Chinese manufacturers scramble to mitigate tariff pain amid an escalating global trade war

  • As Washington-Beijing trade tensions flare, Chinese manufacturers are scrambling for ways to adjust their supply chains and head off the escalating tariffs.
  • Unlike the last U.S.-China trade war, Chinese companies may now hold off their relocation plans due to the unpredictability of tariffs, Lynn Song, chief China economist at ING said.
  • Trump’s tariff agenda in his second term has extended beyond just China.
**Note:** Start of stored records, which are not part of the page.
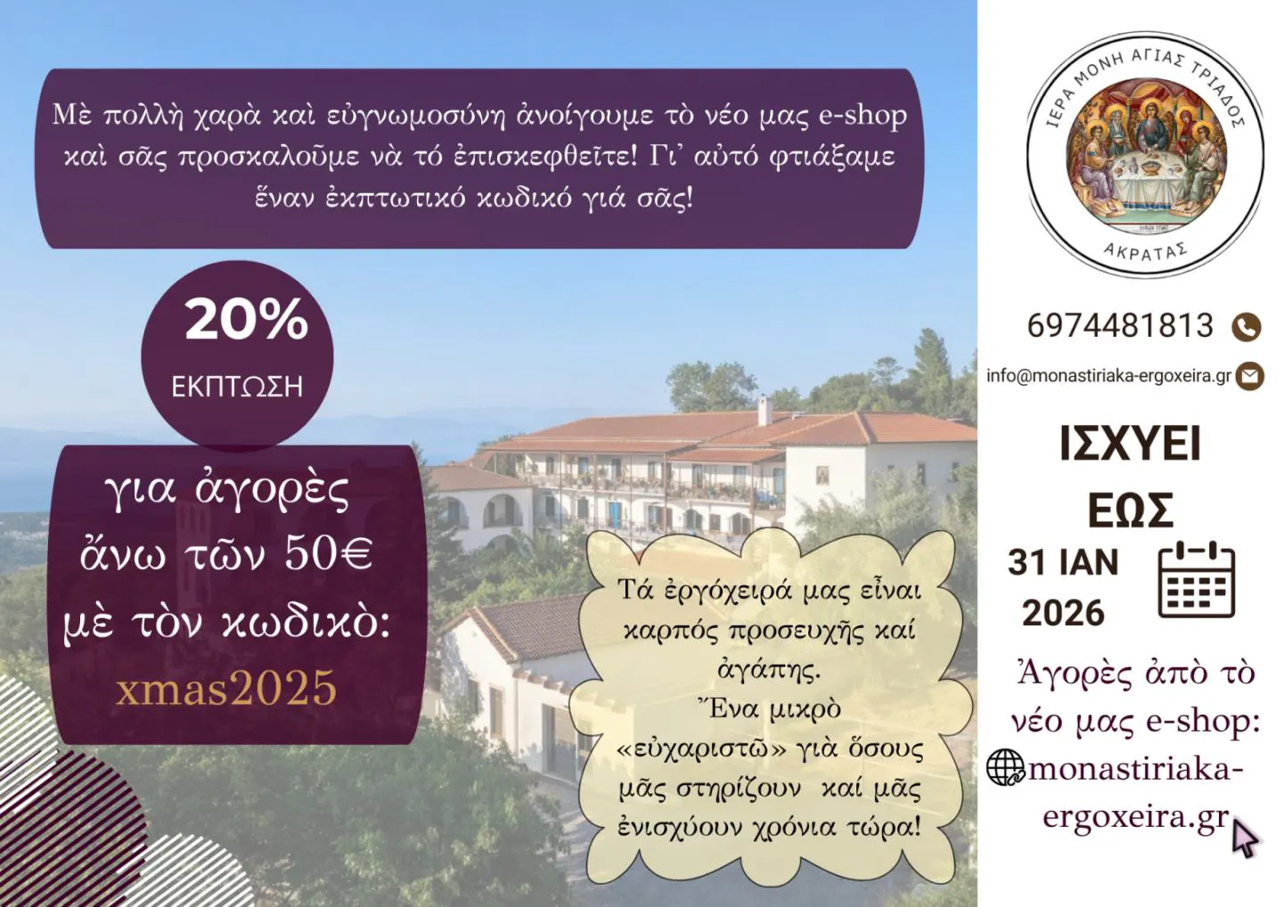 Ἀνοίγουμε ταπεινὰ τὸ Ἀρχονταρίκι μας καὶ διαδικτυακά, γιὰ ὅσους θέλουν νὰ πλησιάσουν τὴ μοναστηριακὴ ἁπλότητα καὶ νὰ πάρουν κάτι φτιαγμένο μὲ προσευχὴ καὶ ἀληθινή φροντίδα.
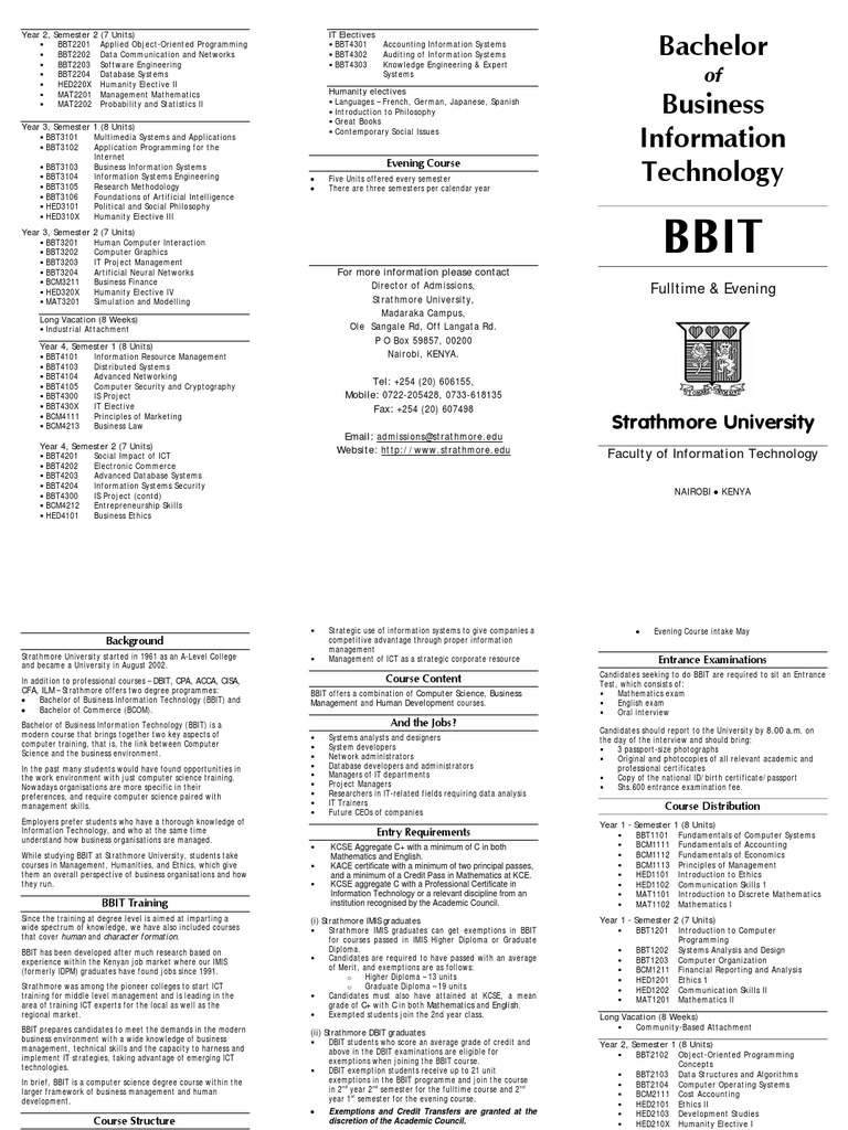 Strathmore Bachelor Of Business Information Technology Curriculum Pdf Information System Computer Science
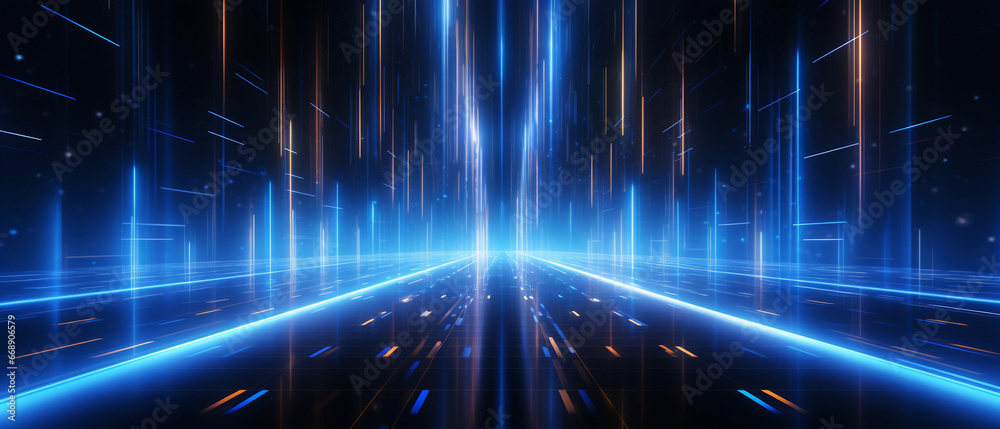 Vector Abstract, science, futuristic, energy technology concept. Digital image of light rays, stripes lines with blue light background

His administration has pressed ahead with 25% tariffs on Canada and Mexico and warned of further tariffs on any country that enjoyed a significant trade surplus with the U.S.
  • As Washington-Beijing trade tensions flare, Chinese manufacturers are scrambling for ways to adjust their supply chains and head off the escalating tariffs.
  • U.S. President Donald Trump’s additional 10% tariffs on goods from China took effect Tuesday, bringing the cumulative new tariffs in just about a month to 20%.
  • The fresh tariffs also came on top of several existing tariffs on Chinese imports, put in place under the Biden administration, including 100% duty on electric vehicles, 50% on solar cells and 25% on steel, aluminum, EV batteries and key minerals.
  • The average effective U.S. tariff rate on Chinese goods is set to hit 33%, up from around 13% before Trump began his latest term in January, according to estimates from Nomura’s Chief China economist Ting Lu.
  • China on Tuesday retaliated to U.S. tariffs with additional tariffs of up to 15% on select U.S. goods and restricted exports to 15 U.S. companies. The measures are set to come into force from March 10.
  • “It will be a survival game for Chinese companies, [as] their bottom line will be affected,” Edwin Tan, general manager at global logistics firm Asian Tigers China, told CNBC.
  • A number of business owners that engaged in selling goods to the U.S. took to various social media platforms to voice concerns about the mounting tariffs. Some posted screenshots of emails from U.S. clients requesting to cut prices and failure to do so would lead to cancellation of existing orders.